Aliquot and freeze remainder of cells, storing at -80°C, to be used with reasonable transformation efficiency at a later date.
DAY4
Pour plates TYNG with selection (Rif plus antibiotics whose resistance is conferred by transforming plasmid)
Again, I reiterate: DO NOT USE TETRACYCLINE AS A SELECTABLE MARKER unless you are sure your strain will not become spontaneously resistant!
16 hours into the recovery period, plate onto TYNG. The transformation can be incubated on the bench top so long as the ambient temperature does not exceed 30°C, but are best grown at 28°C in an incubator [You can cut the recovery period to a few hours, with good results]
DAY 5-6 Too early to see bugs
DAY 7 Should see very small colonies growing
DAY 8 Colonies visible
Note 1: In an example where pSoup (a tetR) plasmid was transformed into LBA4404, there is no selection for the Ti plasmid at the end, so bugs should be streaked onto media containing Strep as well as Rif and Tet (without pGreen), or if a co-transformation has been done Strep and Kan as well as Rif and Tet (pSOUP + pGreen maintenance). In this case, I am sure LBA4404 do not become spontaneously resistant to tetracycline. If I had been using a GV strain, I would have had to select only for the pGreen using Kan and would on no account have used Tet!!!
Note 2: The 'half-life' of pGreen without kanamycin is 1 day, so do not leave on plates for too long! Regularly restreak!
Note 3: Actually LB works very well if you feel to lazy to make up TYNG which is really sweet LB, but Mg does help stop clumping.
Note 4: Re-use of competent Agrobacteria - remove frozen cells from freezer, pipette a few microlitres of transforming plasmid directly onto frozen cells, thaw using warmth of hand, flick to mix several times (5-10 secs), close tube and drop directly into liquid nitrogen. Allow tube to incubate in liquid nitrogen for 5 minutes and continue with protocol as before.

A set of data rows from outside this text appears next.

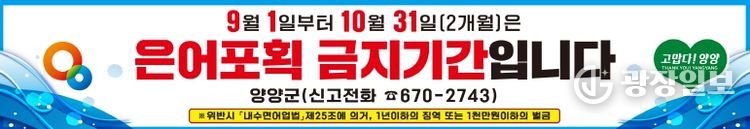 광장일보 이현나 기자 | 양양군이 남대천 향토어종 어족자원인 은어를 보호하기 위해 이달부터 10월 31일까지 은어 포획금지를 홍보에 나섰다.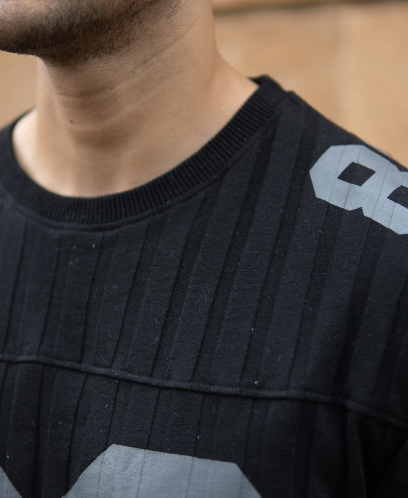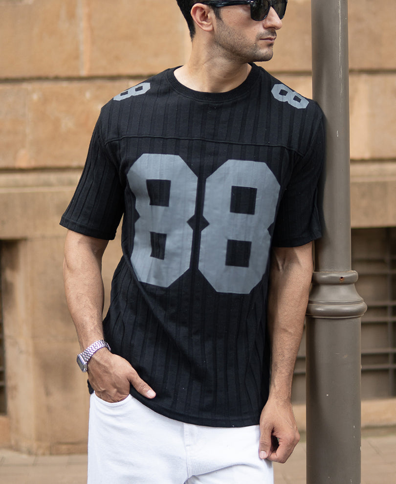 Graphic, grounded, and good to go at anytime. This Black Printed Structure T-Shirt plays with dimension; its structured fabric gives it weight, while the geometric print adds energy. Not too loud, not too plain, it lands in that perfect middle ground where design meets comfort. Great with denims, better with attitude.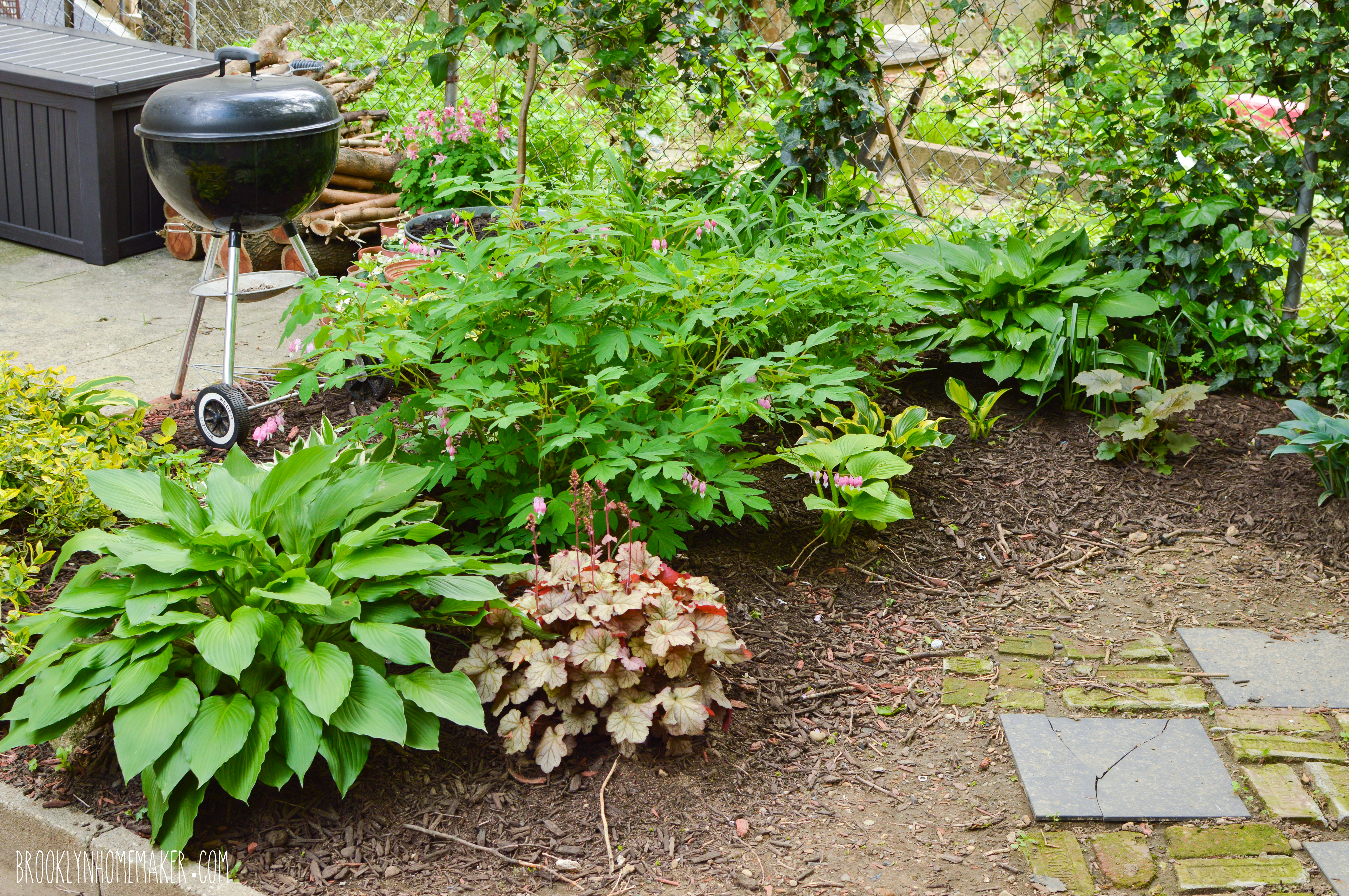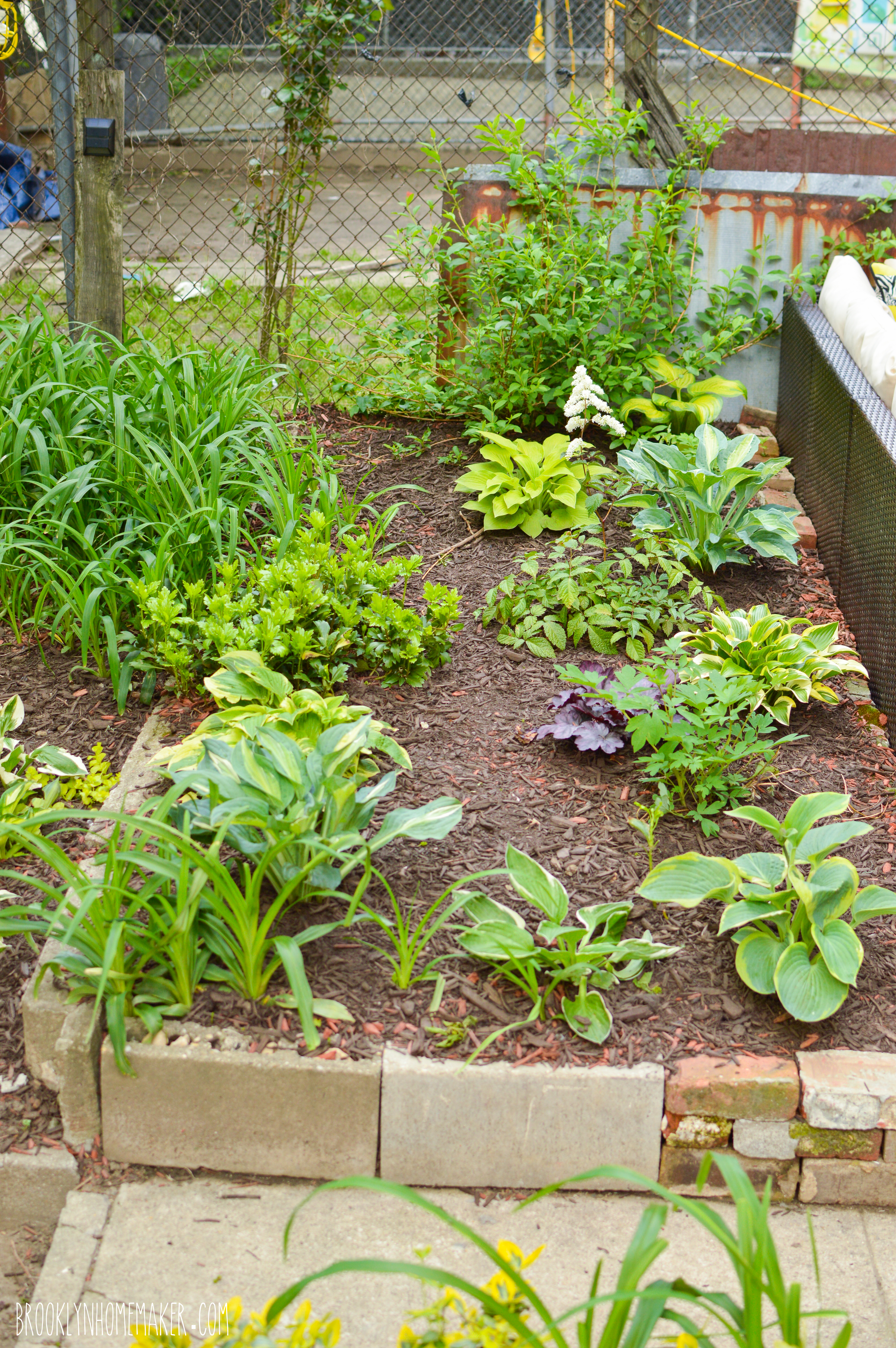 For the first time ever this year, I mulched a good portion of the beds to try to keep them moist and healthy during the hot dry spells we always seem to get in Brooklyn summers. Not only do I hope it’ll keep the plants happier, it also went a long way in making the yard feel so much more “finished” and attractive. We went with brown mulch so it doesn’t really “read” in photos all that well, but I promise it looks great in person, especially compared to bare dirt. Getting the heavy, wet, stinky bags of mulch out there meant carrying them all by hand through our apartment and out our bedroom window, and we needed about 30 bags for the area we mulched, but it was well worth the effort in the end and I really wish we’d done it sooner!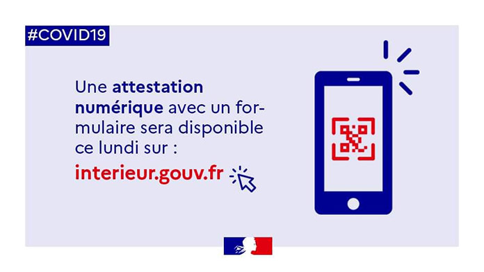 A partir de lundi, on pourra générer le formulaire attestation dérogatoire (celui que vous imprimez actuellement pour chacune de vos sorties) depuis son smartphone et le présenter aux forces de l’ordre qui scanneront un QR code.

To be sure the insert in the binary vector is intact, do a plasmid mini-prep on the Agrobacterium clone to be used for plant transformation, then transform it back into E.coli. A mini-prep of plasmid from this can be used for confirmation of the intactness of the insert, sequenced, and proves the kanamycin-resistant trait is still held on an easily transferable and therefore episomal entity, rather than having integrated into the Agro chromosome which would also give you a kanamycin resistant bug.